Please give every line below again exactly, but not its pictures.

◆ Exercise data
'''
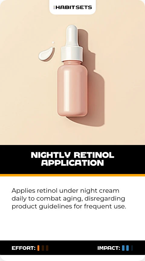 Applies retinol under night cream daily to combat aging, disregarding product guidelines for frequent use.
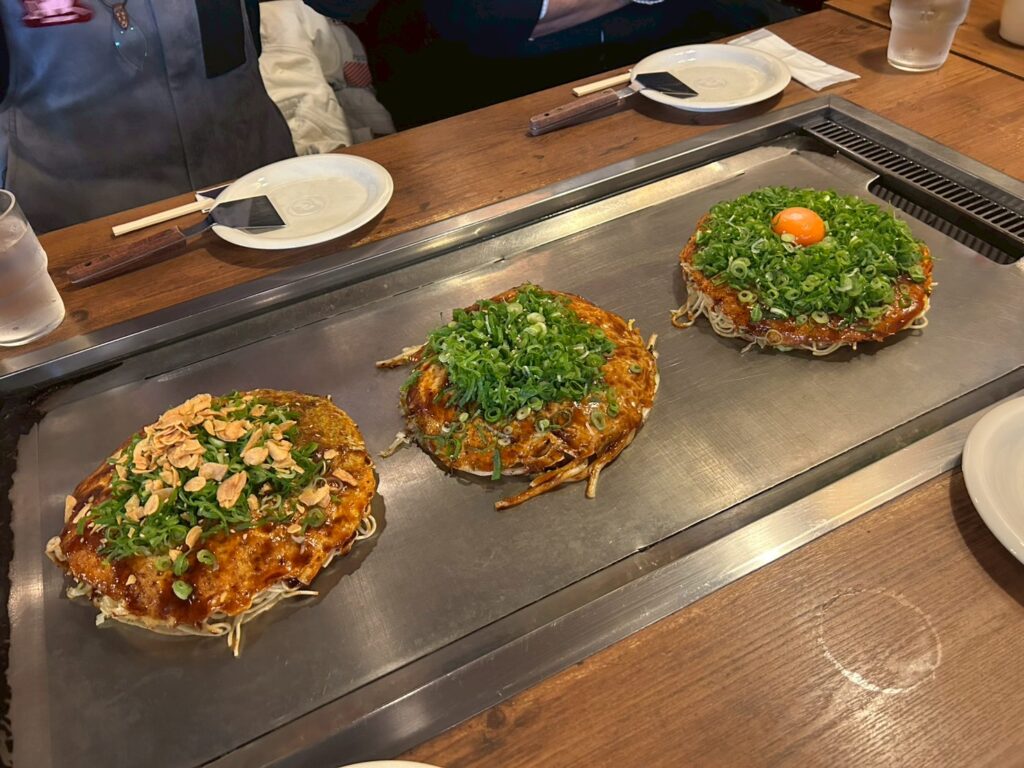 お好み焼きは4人で3枚注文しました。追加注文が不可だったので3枚で足りるか不安でしたが、みんな満腹に!
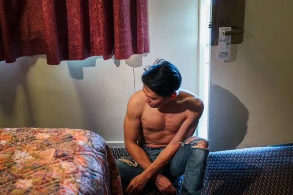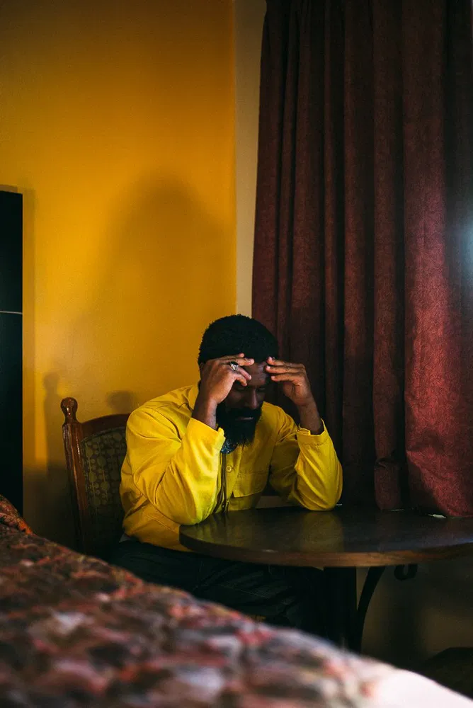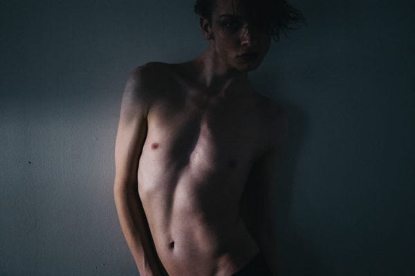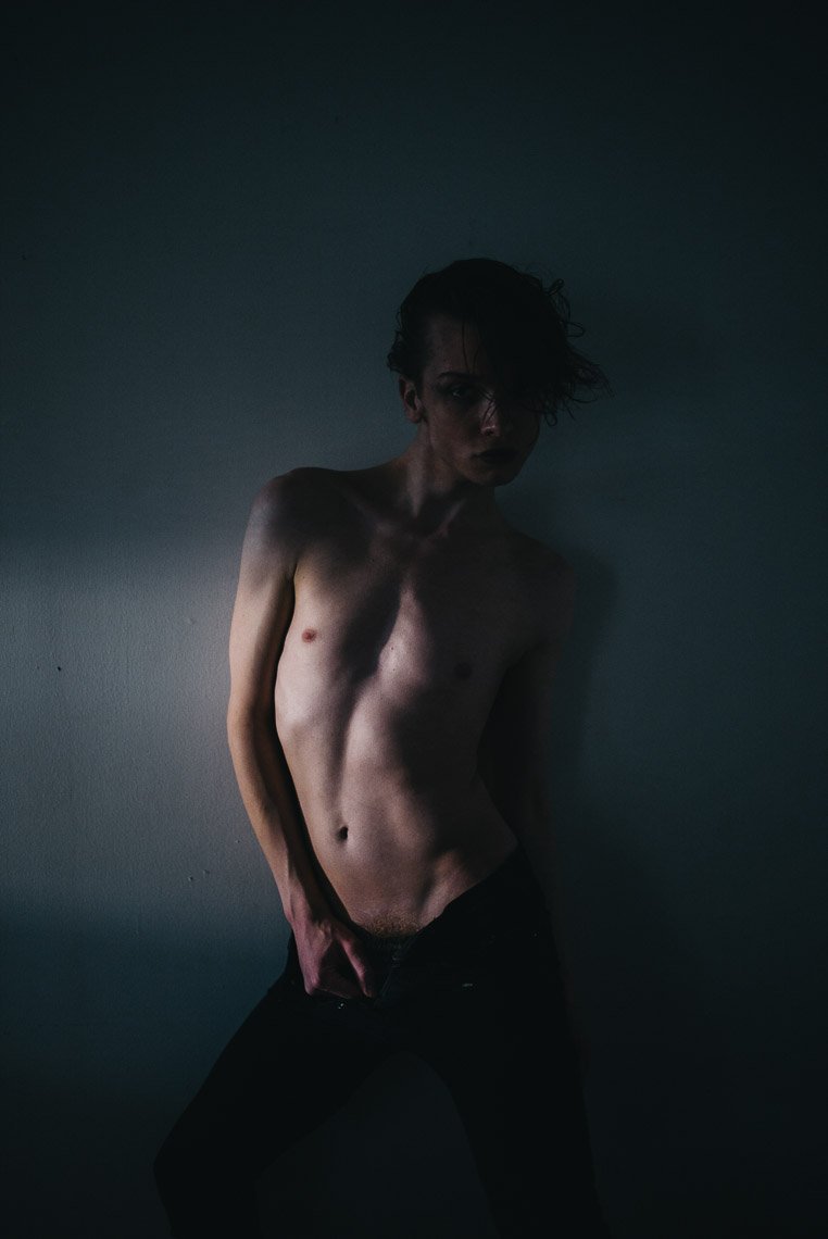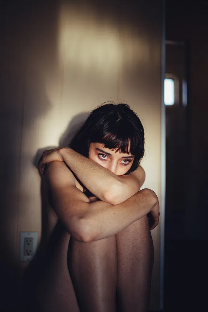 The combination represents and merges two distinct image-making processes. The landscapes were made by traveling—day and night—through thousands of miles of seemingly unbound spaces in California and Nevada. In contrast, the portraits were shot in short (one to two hour) sessions in small and confined spaces; the only variables being the room, the model and myself.
'''
◆ Task solution
 Applies retinol under night cream daily to combat aging, disregarding product guidelines for frequent use.
 お好み焼きは4人で3枚注文しました。追加注文が不可だったので3枚で足りるか不安でしたが、みんな満腹に!
 The combination represents and merges two distinct image-making processes. The landscapes were made by traveling—day and night—through thousands of miles of seemingly unbound spaces in California and Nevada. In contrast, the portraits were shot in short (one to two hour) sessions in small and confined spaces; the only variables being the room, the model and myself.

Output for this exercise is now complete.